Organisasi kemasyarakatan (ormas) Flobamora Bali mengumpulkan para pekerja proyek asal Nusa Tenggara Timur (NTT) untuk dibina. Hal ini demi mencegah potensi konflik horizontal terjadi di Bali.
Hal itu sebagai respons atas kasus pengeroyokan di Desa Adat Bakbakan, Gianyar, pada 15 Oktober yang menewaskan Dedianus Kalaiyo (19), pemuda asal Sumba Barat Daya, NTT. Dedianus merupakan korban salah sasaran. Polisi sudah menangkap 10 pelaku pengeroyokan.
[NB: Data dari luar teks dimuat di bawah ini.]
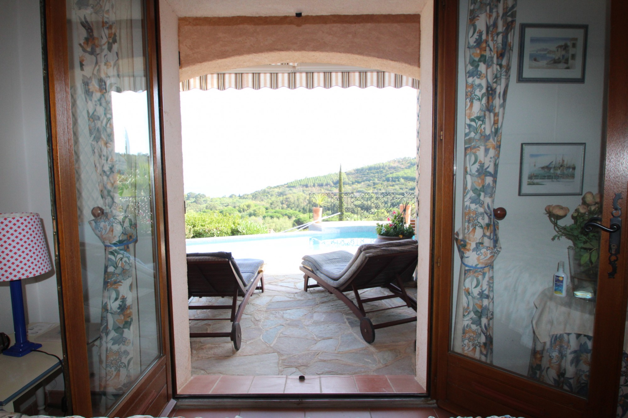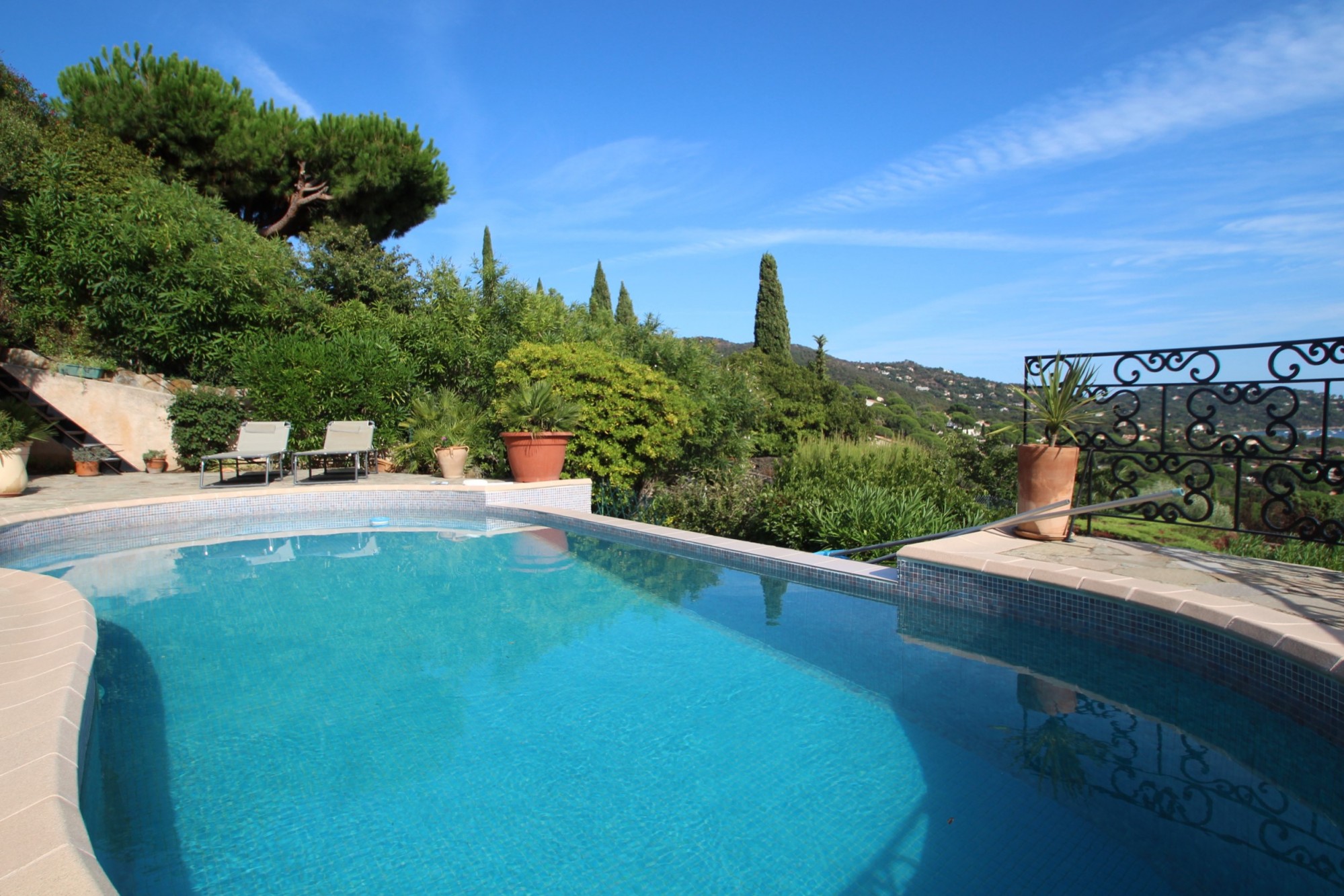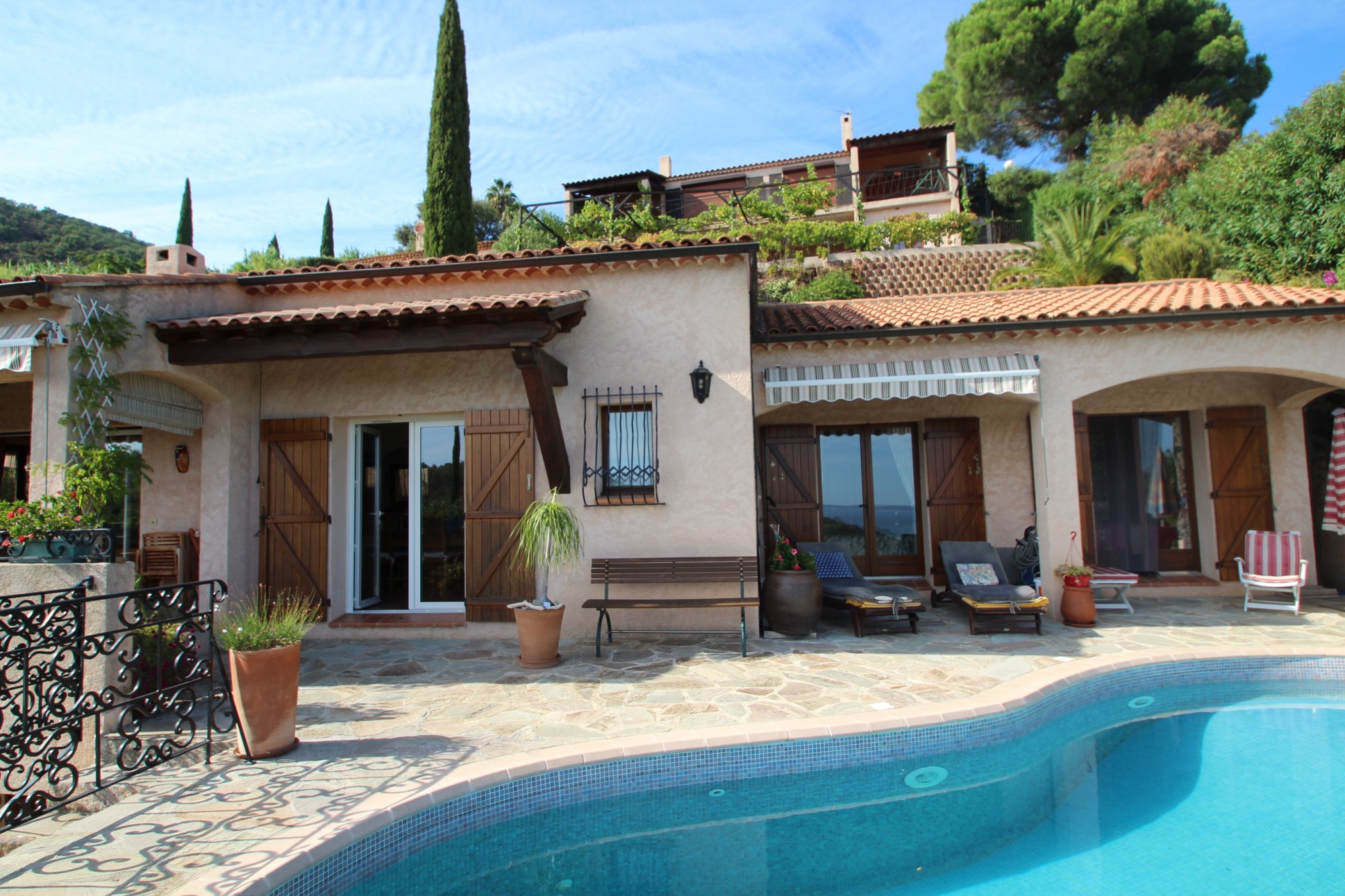 - à l'étage: un spacieux séjour avec cheminée donnant sur la terrasse principale et la piscine à débordement, climatisation réversible, cuisine maçonnée avec des matériaux de qualité ouvrant sur une petite terrasse avec barbecue, chambre I climatisée avec placard et salle d'eau, chambre II climatisée avec salle d'eau et grand placard.

"Untuk warga Flobamora yang ada di di wilayah Gianyar kami pun dari paguyuban sudah melakukan pembinaan. Pada 25 Oktober 2024 lalu kami menghadirkan hampir 200 orang anak proyek ke gereja. Lewat ketua unit masing kabupaten kota se-NTT kami juga mengimbau bahwa masalah ini sudah ditangani kepolisian, dan kami mengajak semua percaya polisi," beber Ketua III Flobamora Bali, Marthen Rowa Kasedu, kepada detikBali, Senin (28/10/2024).
SCROLL TO CONTINUE WITH CONTENT
Sementara itu, Perbekel Desa Bakbakan, I Gede Indra Ariwangsa Waisnawa, menyampaikan permohonan maaf atas kejadian pengeroyokan yang dilakukan 10 orang warganya. Dia berharap kejadian seperti itu tidak terulang lagi.
"Kami mohon maaf sebesar-besarnya kepada masyarakat Sumba Flobamora atas tindakan dari masyarakat kami. Kami perwakilan desa akan memberitahu masyarakat untuk meredam dan menyerahkan kasus ini sepenuhnya ke Polres Gianyar," kata Waisnawa.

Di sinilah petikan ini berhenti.